*Problem to work on*
Write out each record exactly as it stands. No pictures belong in the copy.

*Data*
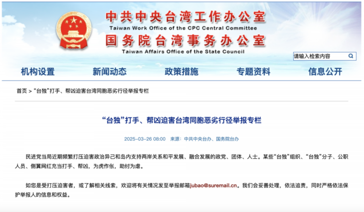 国台办:推出新举报专栏,对“台独”恶劣行径和首恶分子追责
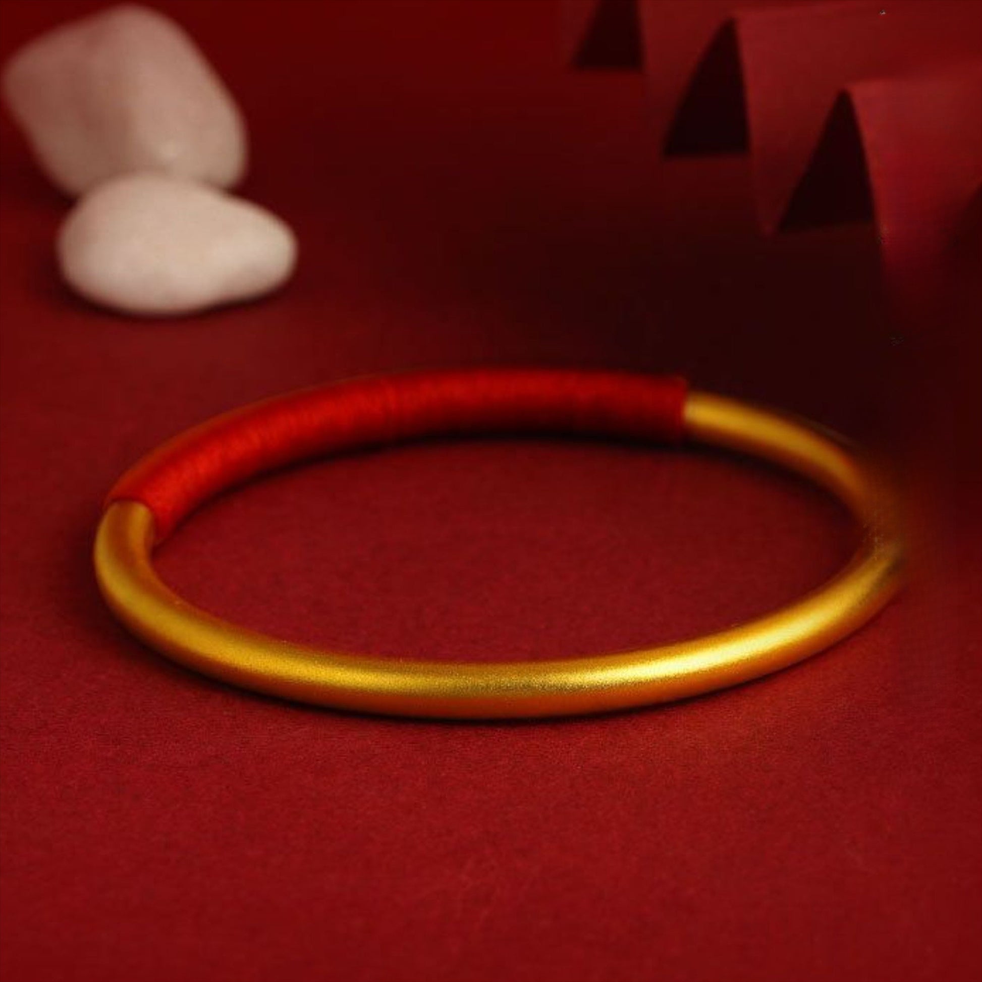 In many cultures, red thread is believed to ward off negativity, attract good fortune, and symbolize strong bonds. By wrapping half of the bangle with hand-tied red string, this design creates a striking balance between strength and spirituality. The open-ended design allows for easy adjustment, making it suitable for daily wear and perfect for gifting.
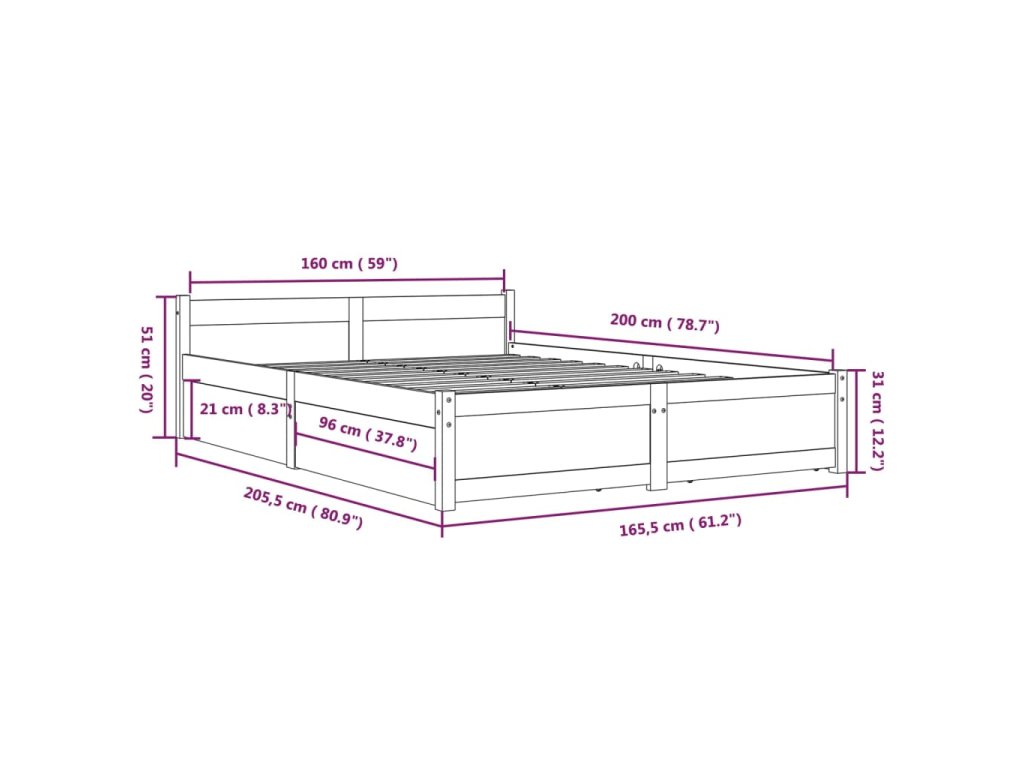 - Rozměry postele: 205,5 x 165,5 x 51 cm (D x Š x V)
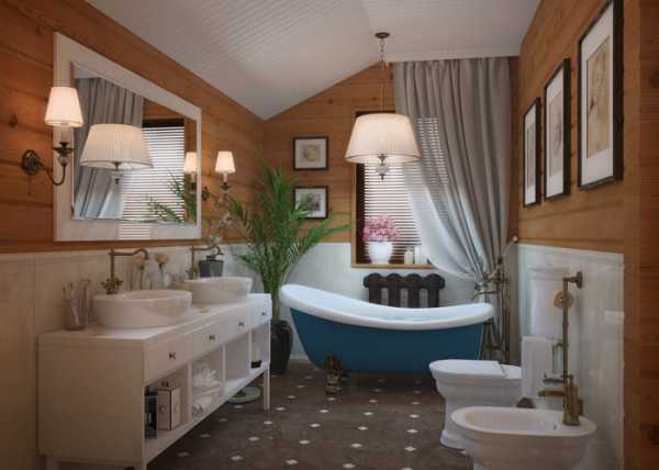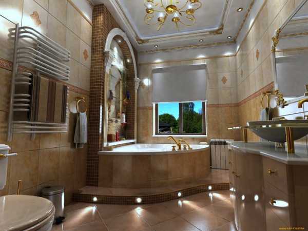 Чтобы сделать освещение в большой и просторной ванной комнате, светильники можно использовать любые, хоть точечные, хоть люстры с торшерами.
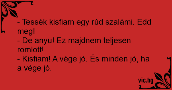 - Kisfiam! A vége jó. És minden jó, ha a vége jó.

*Response*
 国台办:推出新举报专栏,对“台独”恶劣行径和首恶分子追责
 In many cultures, red thread is believed to ward off negativity, attract good fortune, and symbolize strong bonds. By wrapping half of the bangle with hand-tied red string, this design creates a striking balance between strength and spirituality. The open-ended design allows for easy adjustment, making it suitable for daily wear and perfect for gifting.
 - Rozměry postele: 205,5 x 165,5 x 51 cm (D x Š x V)
 Чтобы сделать освещение в большой и просторной ванной комнате, светильники можно использовать любые, хоть точечные, хоть люстры с торшерами.
 - Kisfiam! A vége jó. És minden jó, ha a vége jó.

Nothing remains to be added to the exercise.